### DATA TO USE
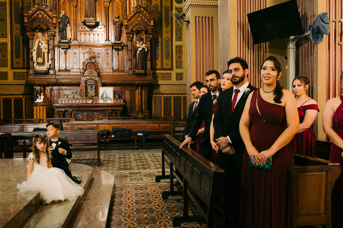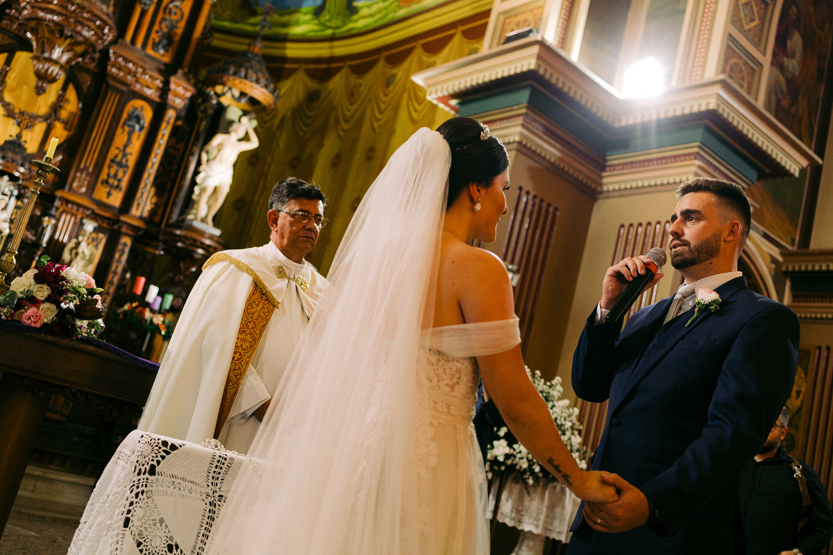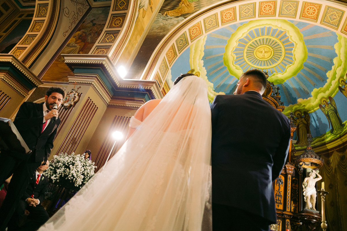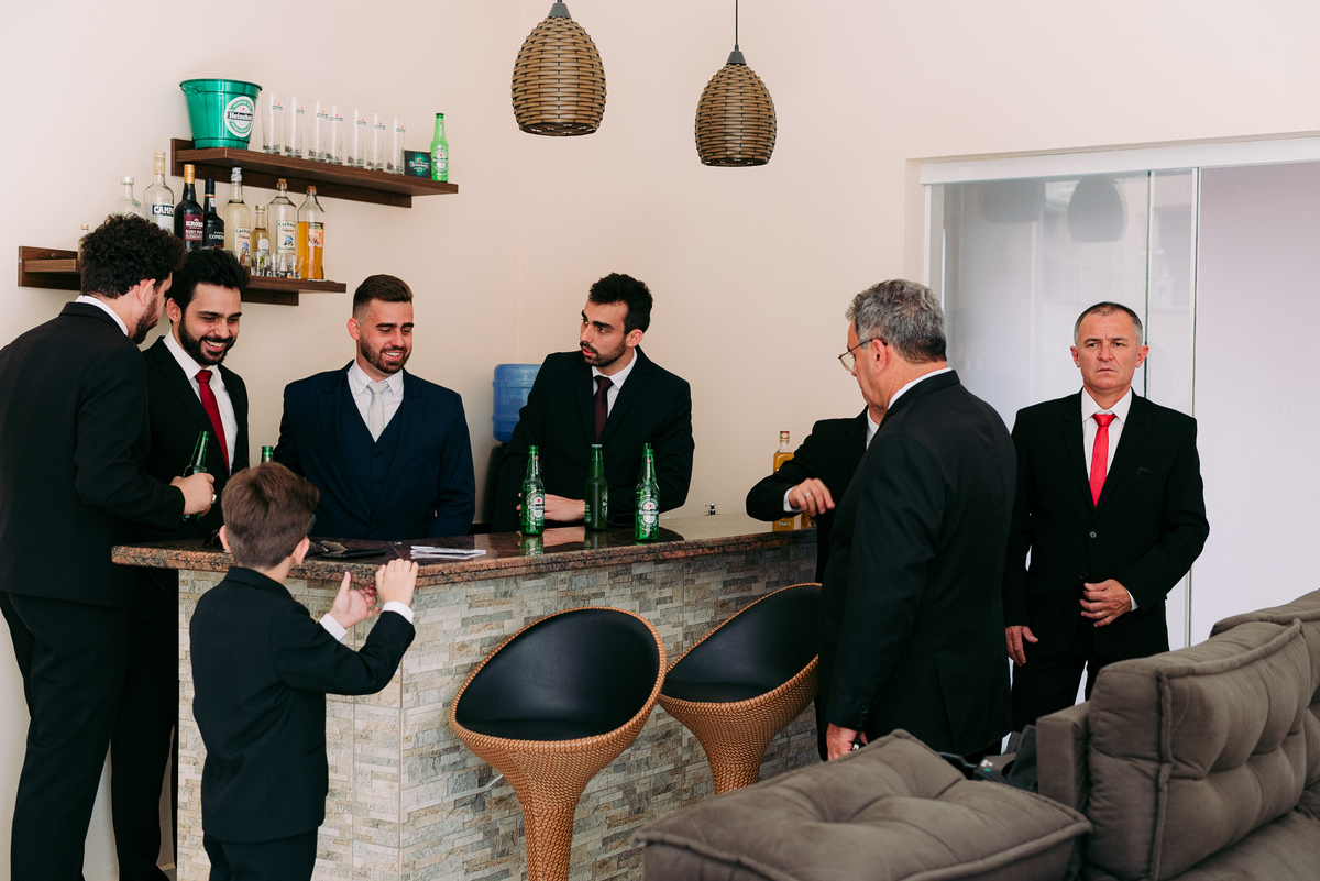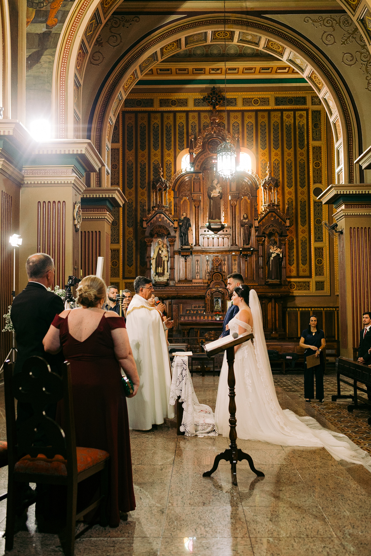 Enquanto isso, o noivo estava cercado de amor e apoio dos padrinhos, além da preciosa ajuda do pai e do irmão para vestir o terno, prontos para acompanhá-lo rumo à igreja. E que igreja! A linda Matriz de Espírito Santo do Pinhal foi o cenário perfeito para a cerimônia religiosa, onde cada momento transbordava emoção.
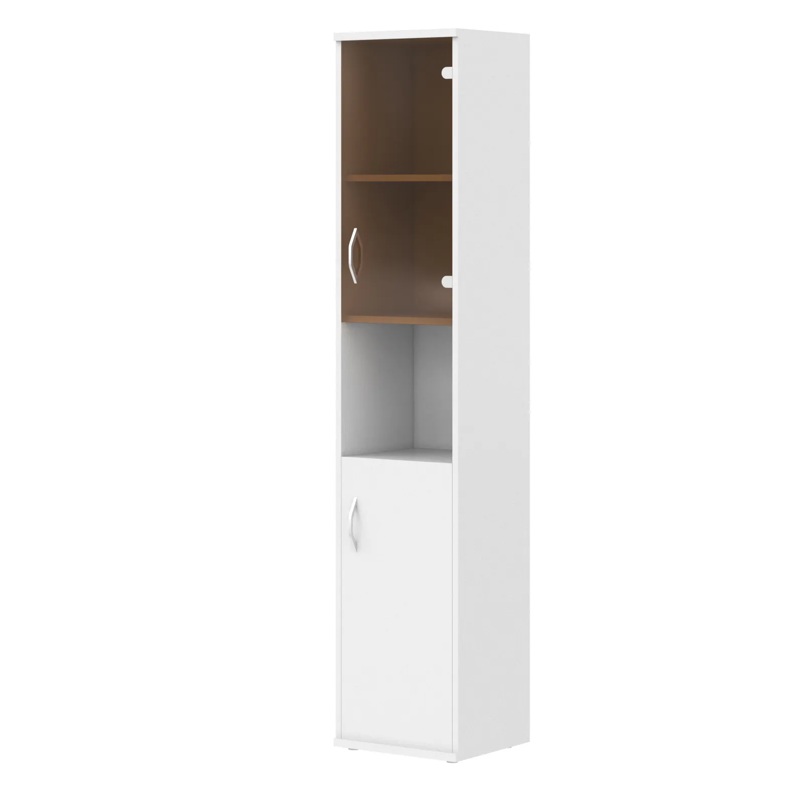 Компактный комбинированный шкаф IMAGO для офисного или домашнего использования. Размеры - 406х1975х365 мм, тип – правосторонний, цвет - белый. Оснащен 5 полками, две нижние полки закрыты дверцей из ЛДСП, две верхние - стекляной дверцей со стильной тонировкой в цвет бронзы. Надежная защита торцевых поверхностей - кромка ПВХ 2 мм. Шкаф оснащен регулируемыми опорами для компенсации неровностей пола.
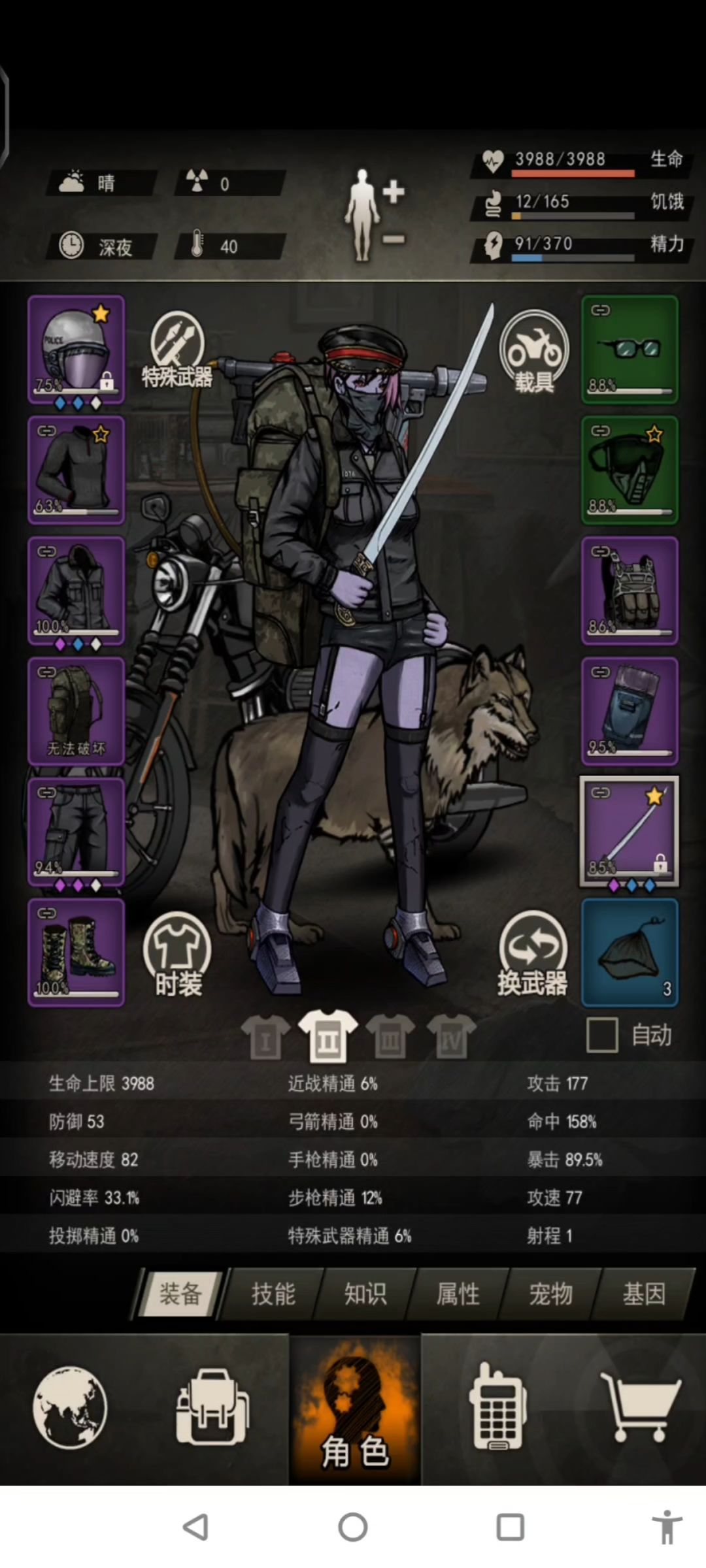 瑜伽健身满级,反应3-8,完骑6精,宠物尽量挑增伤的,带的是双奶(13精,7高)、14快闪、三刀流(14破甲(建议破甲专家稳定破防),13快刀(剁肉爆伤输出高),13重击),带喷火器以及紫燃烧瓶,特殊可以打物质刷(打着打着很快就满了),本人特殊6精投掷0精照打。
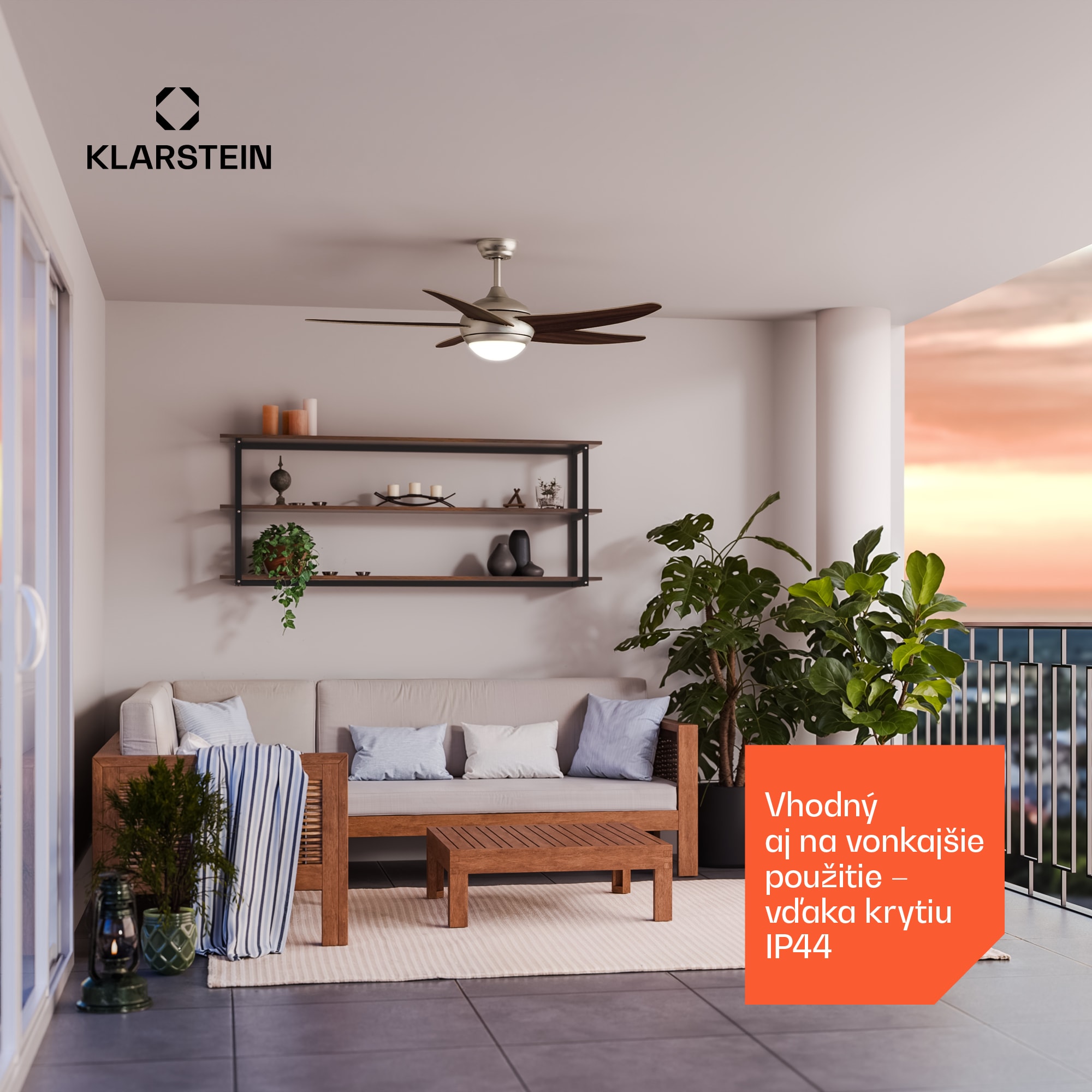 Stropný ventilátor so svetlom Klarstein Bolero sa vyznačuje vysokou kvalitou materiálov a príťažlivým dizajnom.S piatimi lopatkami rotora a maximálnym prietokom vzduchu 10 260 m³ za hodinu zabezpečuje príjemnú vnútornú klímu v miestnostiach s rozlohou do 25 m².Obsluhuje sa diaľkovým ovládaním a možno si vybrať šesť rôznych úrovní výkonu a dva rôzne smery otáčania. V lete ventilátor fúka vzduch smerom nadol a vytvára chladný vánok, zatiaľ čo v zime v opačnom režime nasáva vzduch smerom nahor a jemne rozvádza teplý vzduch po miestnosti.Integrovanú lampu s výkonom 60 W a svietivosťou 800 lúmenov možno ľahko použiť ako stropné svietidlo. Užívatelia si môžu vybrať z troch farieb a intenzity svetla, čo im umožňuje prispôsobiť osvetlenie svojej nálade a požiadavkám.Môže sa používať v interiéri aj exteriéri, napríklad na terasách a balkónoch. To znamená, že stropný ventilátor možno kedykoľvek použiť individuálne a podľa potreby.
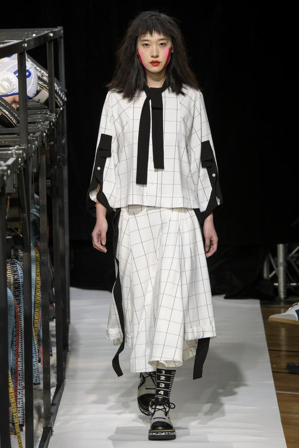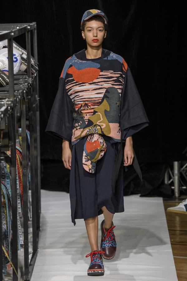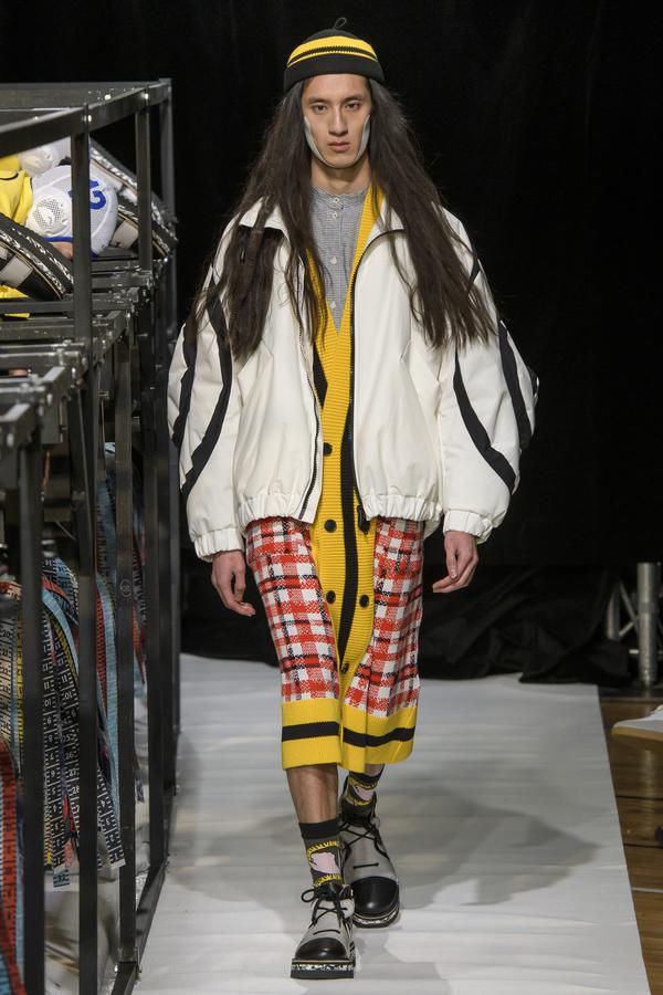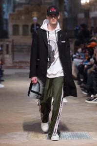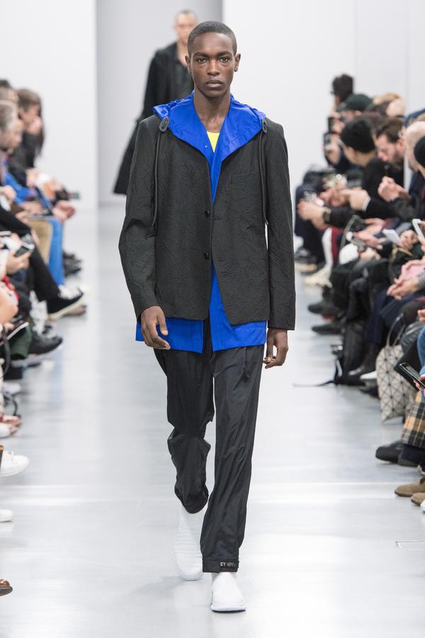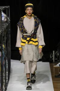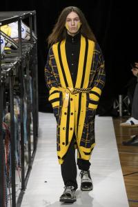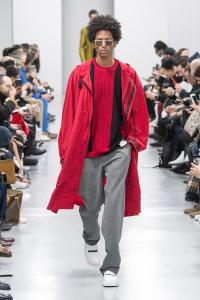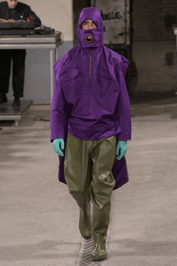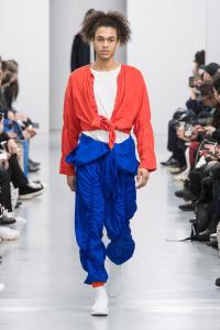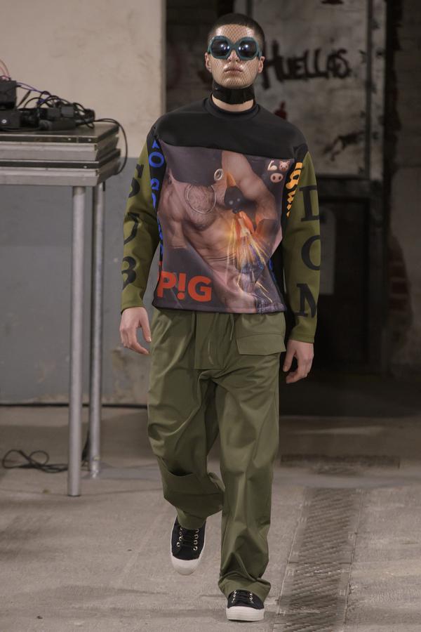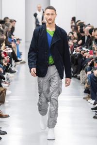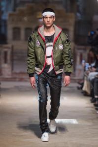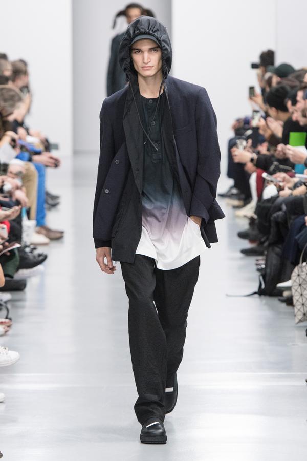 DEFILE SANKUANZ A LA GAITE LYRIQUE: Pour cette nouvelle collection intitulée « Kill The Wall », le créateur chinois Shangguan Zhe fait allusion à tous les combats personnels que nous avons à mener pour dépasser les obstacles physiques ou autres qui nous empêchent d’avancer. Cette lutte urbaine s’exprime dans un esprit sportswear à base de matières techniques résistantes et waterproof, panneaux réfléchissants, imprimés camouflage et autres arabesques fluo, des hoodies couverts de multiples poches, des pochettes de toutes formes suspendues à la taille. Ceci se décline sur des parkas, vestes à capuche, tenues de plongée et de moto, maillots de foot et autres leggings de running. Les dernières tenues semblent faites de tissus isolants et donnent aux mannequins des allures de survivants d’une catastrophe nucléaire. Le slogan du défilé et le nouveau logo de la marque apparaissent en gros sur certains vêtements et accessoires. Dans leur lutte pour leur survie les mannequins portent des baskets hautes sanglées dans des surchaussures à grosses semelles, accentuant l’esprit guerrier (ninja) de la collection. Un style tout à la fois militaire et underground!
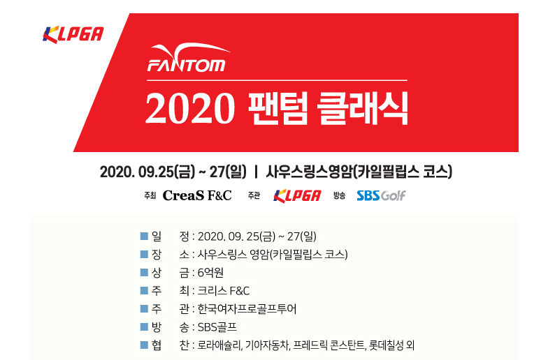 2020 팬텀 클래식 대회는 KLPGA가 상금을 지원하며, 골프의류 업체 크리스 F&C가 대회 운영비를 지원하는 방식으로 열립니다. 대회 명칭으로 들어간 ‘팬텀’은 크리스 F&C 골프의류 브랜드 가운데 하나로 알려져 있습니다.
######
• [WORK ITEM]: Print every record above exactly, but no pictures.

• [RESPONSE BOX]:
 Enquanto isso, o noivo estava cercado de amor e apoio dos padrinhos, além da preciosa ajuda do pai e do irmão para vestir o terno, prontos para acompanhá-lo rumo à igreja. E que igreja! A linda Matriz de Espírito Santo do Pinhal foi o cenário perfeito para a cerimônia religiosa, onde cada momento transbordava emoção.
 Компактный комбинированный шкаф IMAGO для офисного или домашнего использования. Размеры - 406х1975х365 мм, тип – правосторонний, цвет - белый. Оснащен 5 полками, две нижние полки закрыты дверцей из ЛДСП, две верхние - стекляной дверцей со стильной тонировкой в цвет бронзы. Надежная защита торцевых поверхностей - кромка ПВХ 2 мм. Шкаф оснащен регулируемыми опорами для компенсации неровностей пола.
 瑜伽健身满级,反应3-8,完骑6精,宠物尽量挑增伤的,带的是双奶(13精,7高)、14快闪、三刀流(14破甲(建议破甲专家稳定破防),13快刀(剁肉爆伤输出高),13重击),带喷火器以及紫燃烧瓶,特殊可以打物质刷(打着打着很快就满了),本人特殊6精投掷0精照打。
 Stropný ventilátor so svetlom Klarstein Bolero sa vyznačuje vysokou kvalitou materiálov a príťažlivým dizajnom.S piatimi lopatkami rotora a maximálnym prietokom vzduchu 10 260 m³ za hodinu zabezpečuje príjemnú vnútornú klímu v miestnostiach s rozlohou do 25 m².Obsluhuje sa diaľkovým ovládaním a možno si vybrať šesť rôznych úrovní výkonu a dva rôzne smery otáčania. V lete ventilátor fúka vzduch smerom nadol a vytvára chladný vánok, zatiaľ čo v zime v opačnom režime nasáva vzduch smerom nahor a jemne rozvádza teplý vzduch po miestnosti.Integrovanú lampu s výkonom 60 W a svietivosťou 800 lúmenov možno ľahko použiť ako stropné svietidlo. Užívatelia si môžu vybrať z troch farieb a intenzity svetla, čo im umožňuje prispôsobiť osvetlenie svojej nálade a požiadavkám.Môže sa používať v interiéri aj exteriéri, napríklad na terasách a balkónoch. To znamená, že stropný ventilátor možno kedykoľvek použiť individuálne a podľa potreby.
 DEFILE SANKUANZ A LA GAITE LYRIQUE: Pour cette nouvelle collection intitulée « Kill The Wall », le créateur chinois Shangguan Zhe fait allusion à tous les combats personnels que nous avons à mener pour dépasser les obstacles physiques ou autres qui nous empêchent d’avancer. Cette lutte urbaine s’exprime dans un esprit sportswear à base de matières techniques résistantes et waterproof, panneaux réfléchissants, imprimés camouflage et autres arabesques fluo, des hoodies couverts de multiples poches, des pochettes de toutes formes suspendues à la taille. Ceci se décline sur des parkas, vestes à capuche, tenues de plongée et de moto, maillots de foot et autres leggings de running. Les dernières tenues semblent faites de tissus isolants et donnent aux mannequins des allures de survivants d’une catastrophe nucléaire. Le slogan du défilé et le nouveau logo de la marque apparaissent en gros sur certains vêtements et accessoires. Dans leur lutte pour leur survie les mannequins portent des baskets hautes sanglées dans des surchaussures à grosses semelles, accentuant l’esprit guerrier (ninja) de la collection. Un style tout à la fois militaire et underground!
 2020 팬텀 클래식 대회는 KLPGA가 상금을 지원하며, 골프의류 업체 크리스 F&C가 대회 운영비를 지원하는 방식으로 열립니다. 대회 명칭으로 들어간 ‘팬텀’은 크리스 F&C 골프의류 브랜드 가운데 하나로 알려져 있습니다.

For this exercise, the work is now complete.